KEANU Reeves was in a great mood during this chat. photo by Ruben V. Nepales

KEANU Reeves was in a great mood during this chat. photo by Ruben V. Nepales

LOS ANGELES—Keanu Reeves’ passion for motorcycles inspired him to start his own motorcycle company.

“I partnered with this motorcycle company called Arch Motorcycle,” announced the actor in a recent morning chat in West Hollywood.


Wearing a gray jacket and tee with ripped jeans, Keanu was in the best mood we’ve seen. He laughed heartily and even played air guitar at one point.


“We started selling motorcycles about six weeks ago. You can see what they look like on They’re really fantastic,” he said.

“We make custom motorcycles,” said the actor, who’s usually quiet and reticent. In this chat, he was cheerful throughout. “It’s been two and a half years in development,” he said of the


Los Angeles-based Arch Motorcycle, which he cofounded with Gard Hollinger. “The motorcycles are ready to go out there into the world. It’s cool.”
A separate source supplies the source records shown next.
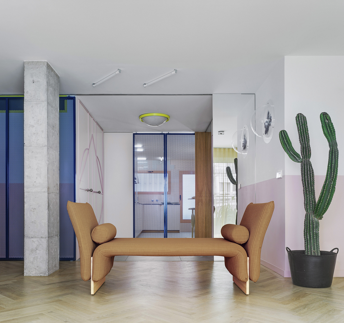 Этимологический корень слова диван прошел долгий путь от Индии до Персии, через Османскую империю и по всему Магрибу: диван был “посольской комнатой”, где члены королевской семьи принимали иностранных сановников. В знак признательности эти гости были угощены всевозможными предметами роскоши, одним из которых было удобно расположиться для переговоров. Поэтому в Европе слово диван означает длинное мягкое сиденье, обычно без спинки, на которую можно лечь. Арабское наследие Валенсии вдохновило Перезочандо на создание современного дивана. Ассортимент включает в себя шезлонг, а также модульные скамейки и оригинальное кресло. Клаудия и Педро уменьшили извилистые изгибы сидений и спинок до минимума, придавая дизайну легкость. Формальная простота ножек обеспечивает легкий оттенок отличия. Выпускаемые из натурального или окрашенного дерева, они могут сочетаться или контрастировать с обивкой мебели.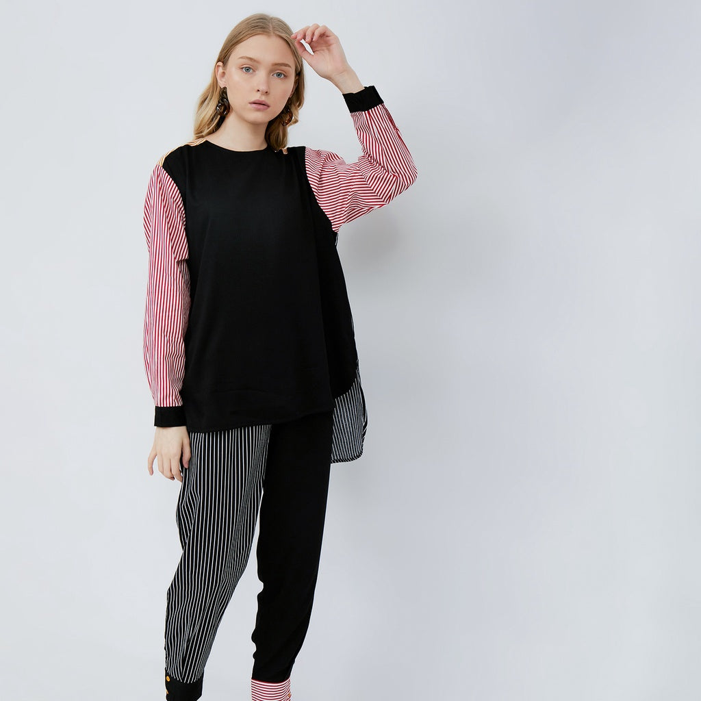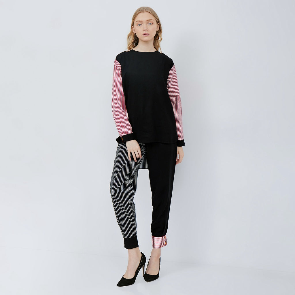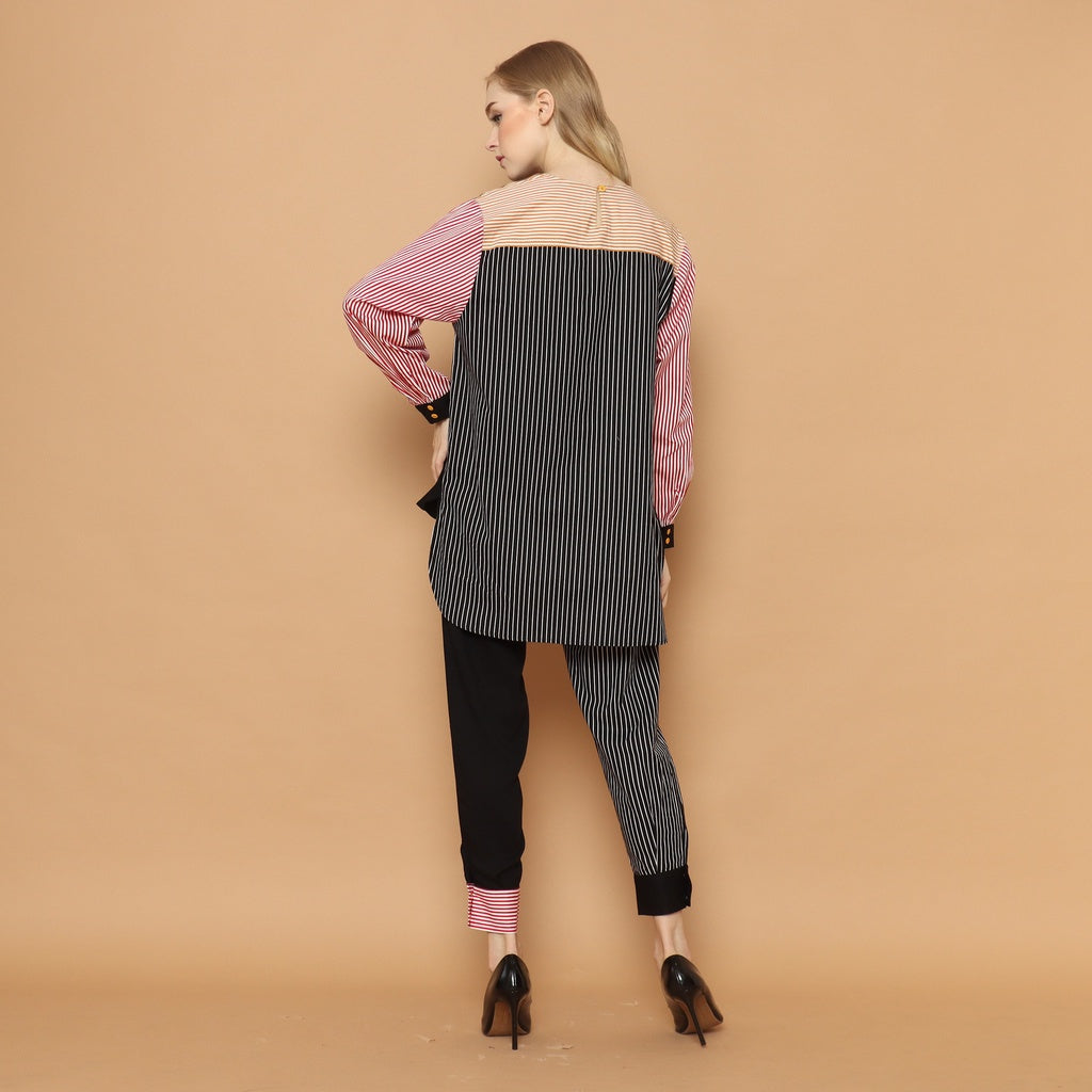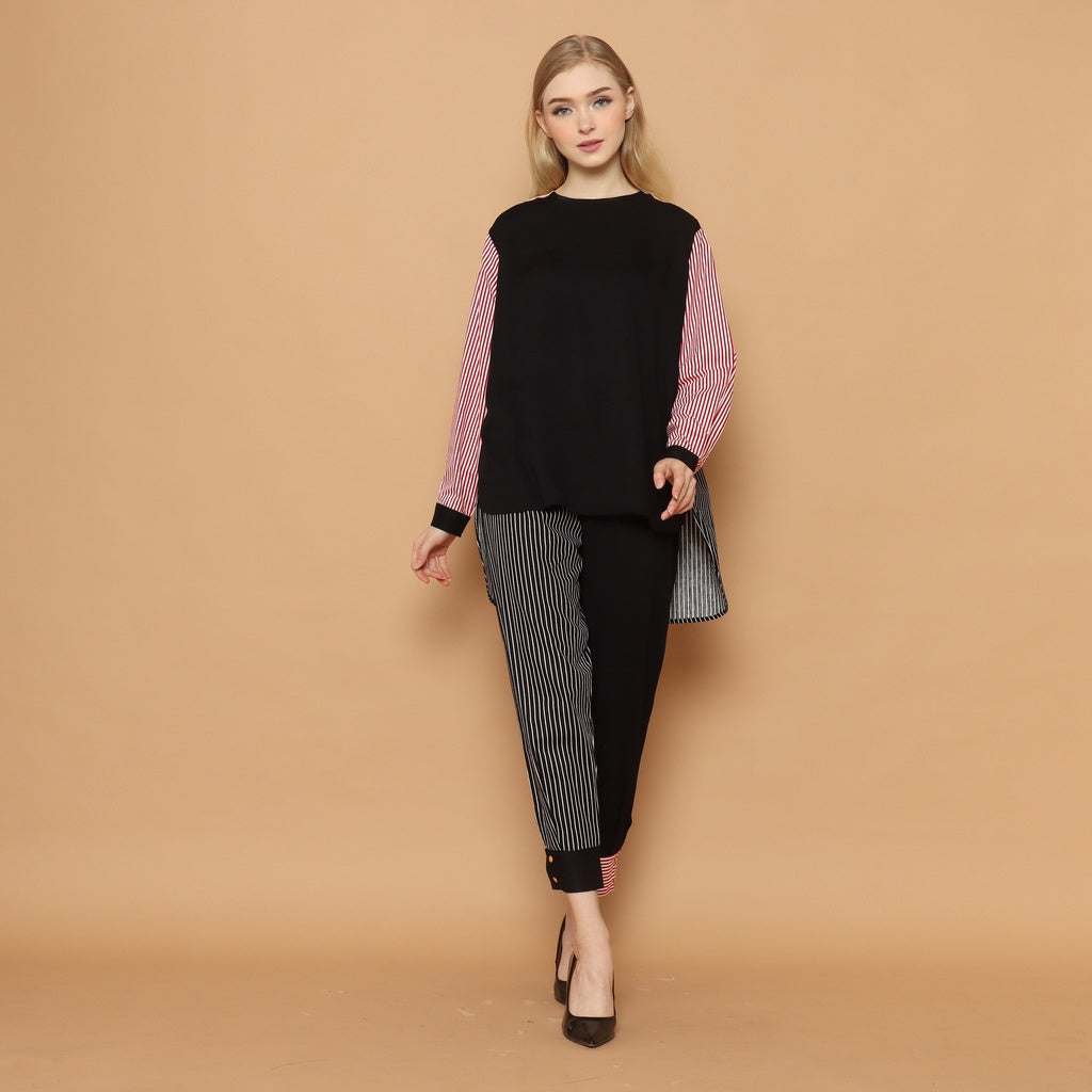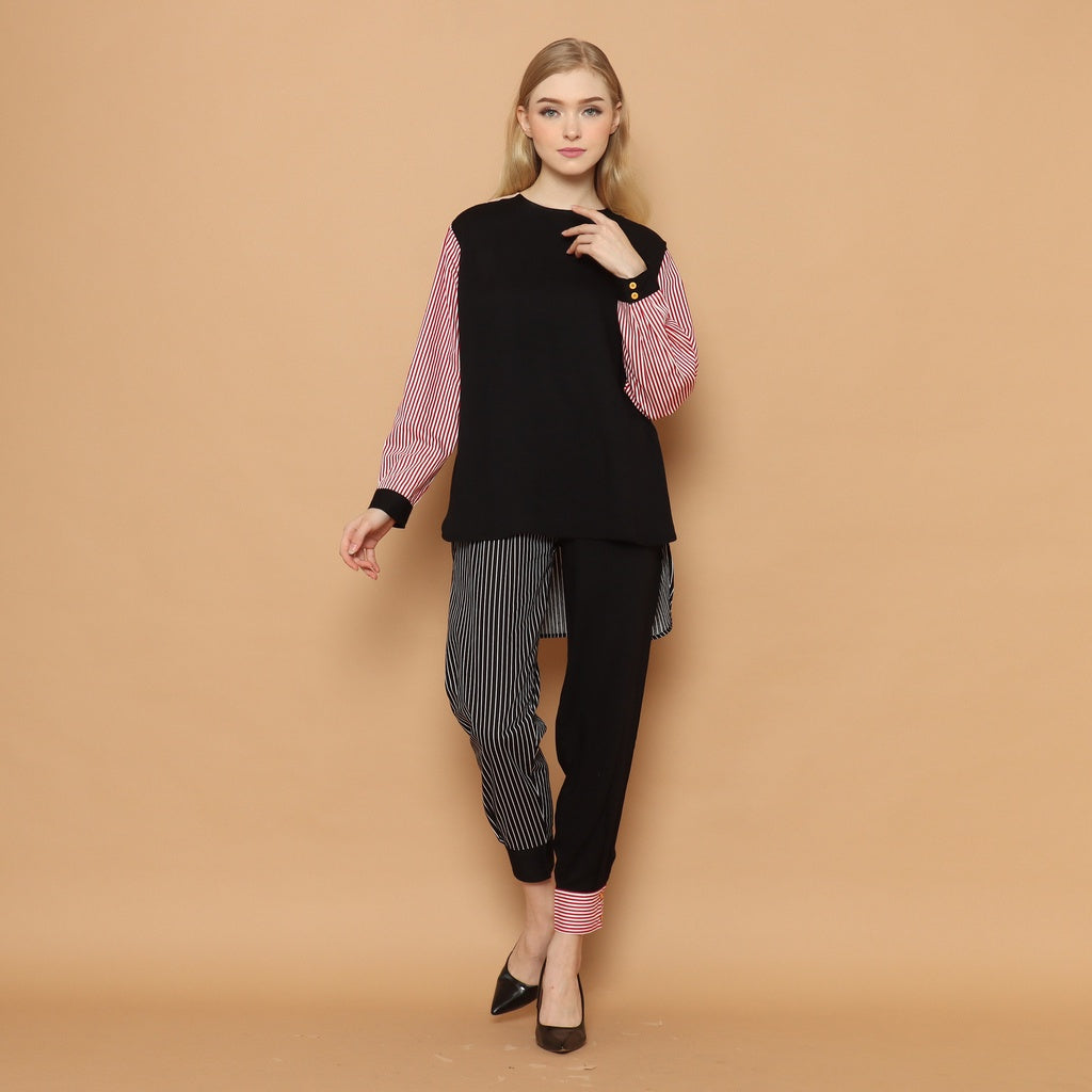 Zera Long Set (long sleeve top n long pants) dengan 1 warna hitam pada bagian depan,lalu di combine dengan 3 warna stripes yg berbeda. detail yg dijahit manual ini bisa membuat kmu terlihat gorgeous kapanpun!!juga ada tambahan pocket dibagian kanan dan kiri celana!!bahan yg digunakan rayon twill dan katun jepang yg nyaman dan adem untuk semua jenis kulit!!
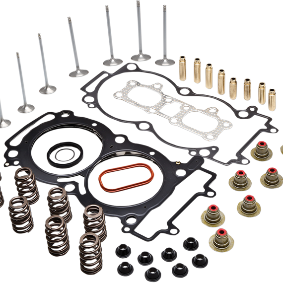 Caracteristicas: Kits contain all items to completely refresh and upgrade cylinder heads for popular Dirt/MX and Side x Side models Cylinder Head Service Kits include the below components: Lightweight Racing Valve Spring kits with steel or titanium retainers, beehive or dual valve springs, steel basewashers and Viton® valve stem seals A full set of C630 bronze high-performance valve guides for durability and heat management (standard size) A full top-end gasket kit including (base gasket, engine case gasket, exhaust gasket, head gasket, and other o-rings/washers depending on application)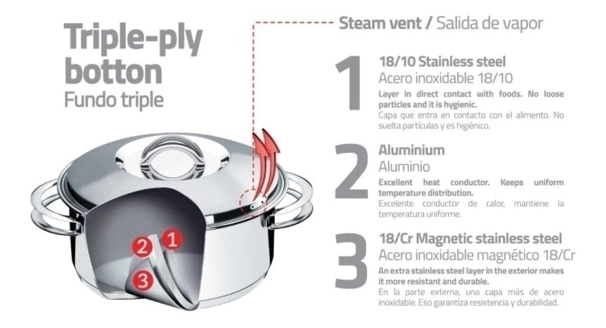 Prepare recetas llenas de sabor con la cacerola Tramontina honda de acero inoxidable fondo triple con tapa y asas 28 cm de diámetro 8,4 L de la línea Solar. Con una buena olla usted puede hacer numerosas recetas y explorar su lado gastronómico, sea para realizar recetas que ya existen o para crear una nueva. Hecha de acero inoxidable con fondo triple (acero inoxidable + aluminio + acero inoxidable), será posible que el calor sea distribuido de forma uniforme, garantizando una cocción rápida, además de mantener los alimentos calientes por más tiempo. Extremadamente funcional, puede ser utilizada tanto en la cocina como en el horno para finalizar platos. Y no se preocupe, sabemos que cocinar puede ser agotador, por esta razón, puede lavarse diariamente en lavavajillas. Con su diseño limpio y sin esquinas la limpieza es mucho más fácil. Ahora no hay más excusas para preparar esa receta que tanto le gusta. Principales funciones y beneficios Comida más sana: por ser de acero inoxidable, la cacerola Tramontina no libera ningún tipo de residuo en sus recetas. Fácil de usar: una cacerola práctica para todas sus recetas y que se luce en cualquier tipo de cocina: a gas, eléctrica, vitrocerámica y de inducción. Además, tiene tapa con salida de vapor y encaje perfecto. Más durable: el acero inoxidable Tramontina es una materia prima noble, resistente y que se luce por mucho más tiempo en la cocina. Ahorrar tiempo y energía: el secreto está en el fondo triple (acero inoxidable + aluminio + acero inoxidable), que distribuye el calor uniformemente, proporcionando una cocción más rápida. Por eso, puede mantenerse el fuego bajo durante toda la preparación y así ahorrar energía. Además, la cacerola totalmente fabricada en acero inoxidable puede ir al horno para gratinar o finalizar platos, a una temperatura máxima de 260º C. Fácil de limpiar: dejar su cacerola brillante es simple, sólo se necesita agua, jabón y una esponja blanda. Si prefiere, puede lavarla en el lavavajillas. Recomendaciones de uso La capacidad volumétrica máxima para cocinar es de 3/4 de la capacidad total de la pieza. Antes de su uso, retire cualquier etiqueta presente en el producto; recomendamos lavarlo inmediatamente. Use una fuente de calor suave, para evitar que el alimento se pegue al fondo de la cacerola. El fondo triple distribuye el calor uniformemente, sin necesidad de usar fuego alto. Además, eso genera ahorro de energía. Cuando se utilice la cacerola en cocinas a gas, la llama no debe exceder la base de la olla. Si se usa una chapa eléctrica, la chapa debe tener el mismo diámetro que la cacerola o diámetro menor. No caliente el alimento poniendo una cacerola u cualquier utensilio del mismo diámetro sobre o otro. Ese procedimiento es peligroso, porque crea vacío e imposibilita su retirada. No deje la cacerola vacía sobre una fuente de calor. Siempre disuelva la sal en agua hirviendo o con los alimentos, mezclando los ingredientes al inicio de la cocción. Algunos alimentos que tienen almidón, como las pastas y el arroz, pueden dejar manchas en la parte interna de la cacerola durante la cocción. Para retirar fácilmente las manchas, pase un paño humedecido en jugo de limón o vinagre, o use la pasta de pulir acero inoxidable Tramontina. Evite dejar alimentos en la cacerola durante mucho tiempo; la sal también puede provocar manchas. Para que la cacerola de acero inoxidable esté siempre linda y brillante, le recomendamos lavarla solamente con detergente y esponja. Además, en las partes opacas de la cacerola se puede utilizar el lado más abrasivo de la esponja con saponáceo líquido para remover las manchas más difíciles. Después del lavado, siempre que sea posible, enjuague la cacerola con agua caliente y séquela inmediatamente, para que mantenga el brillo original, porque el cloro y las sustancias contenidas en el agua pueden dejar manchas en la olla. Verificar las ollas y tapas cuyo sistema de fijación utiliza tornillos. Con el tiempo de uso, los tornillos pueden aflojarse. Por seguridad, se recomienda ajustarlos periódicamente. Se puede llevar al horno a una temperatura máxima de 260°C, pudiendo ocurrir cambios de coloración. Las asas, pomos y mangos se calientan durante la cocción. Aconsejamos el uso de guantes o paño durante su manipulación. Hay que tener cuidado al manejar el producto, principalmente con alimentos y líquidos calientes. Para su seguridad, use el producto solamente hasta su capacidad máxima indicada. Certificación Producto con certificación obligatoria de acuerdo a la OCP 0003, registro 001470/2018, modelo (línea) Solar, de acuerdo a la resolución INMETRO 419/2012. Peso 2,89 kg Capacidad 8.40 L

“I’ve had the chance to ride so many bikes,” Keanu said. “I would say my favorites are the Norton Commando and the Arch motorcycle. We’ve designed a really cool bike.” He has one Norton race bike and three regular Nortons.

“I learned how to ride a motorcycle in Germany,” he recalled. “When I came back to Los Angeles, I got a bike and the first rides that I took were on Sunset Boulevard to PCH (Pacific Coast Highway) and then back. That was a circuit. It was Sunset, PCH, Mulholland and Laurel Canyon. That was a nice ride.”

Smiling, he rhapsodized, “Over the years, I remember a wonderful ride in France—Napoleon Road (Route Napoleon). I’ve had some nice rides in northern Australia, out in Cairns—extraordinary. And I did some rides on the East Coast of the United States that were cool through Massachusetts. Also the bottom of the coast of San Francisco.”

“The great trips in France and Australia were with friends,” he said. “On the Sunset/PCH, I was alone. With friends, we’d go up to the Angeles Crest Highway (California).”

Does he share a motorcycle ride with a girlfriend? “I don’t do that!” he exclaimed. “I’ve been working so I haven’t really had much time for amore. But it’s just been nice. When you’re away so much, it’s nice to come home and catch up with friends and family. Turning 50 and having that event and spending time with friends—it’s been nice.”

Complimented for looking young at 50 (he celebrated the milestone on Sept. 2), he replied, “When I’m working, I’m very disciplined. When I’m not working, I’m not so disciplined. I’ll just thank my ancestors.” Keanu’s Hawaiian-Chinese-European heritage contributes to his youthful good looks.

Lovely machine

Keanu’s other ride is a Porsche. “I’m very lucky to have a Porsche 2013,” he said. “It’s a lovely machine and it’s my friend.”

Keanu remarked that bikes and several other things were his few favorite material possessions. “I have a great affinity for the motorcycles I have and some of the things I’ve gotten over the years from different films—including scripts. I have a couple of typewriters that I like. I have a couple of suits that are my favorites. And photographs of friends and experiences. And the work—some of the films I’ve done in the past.”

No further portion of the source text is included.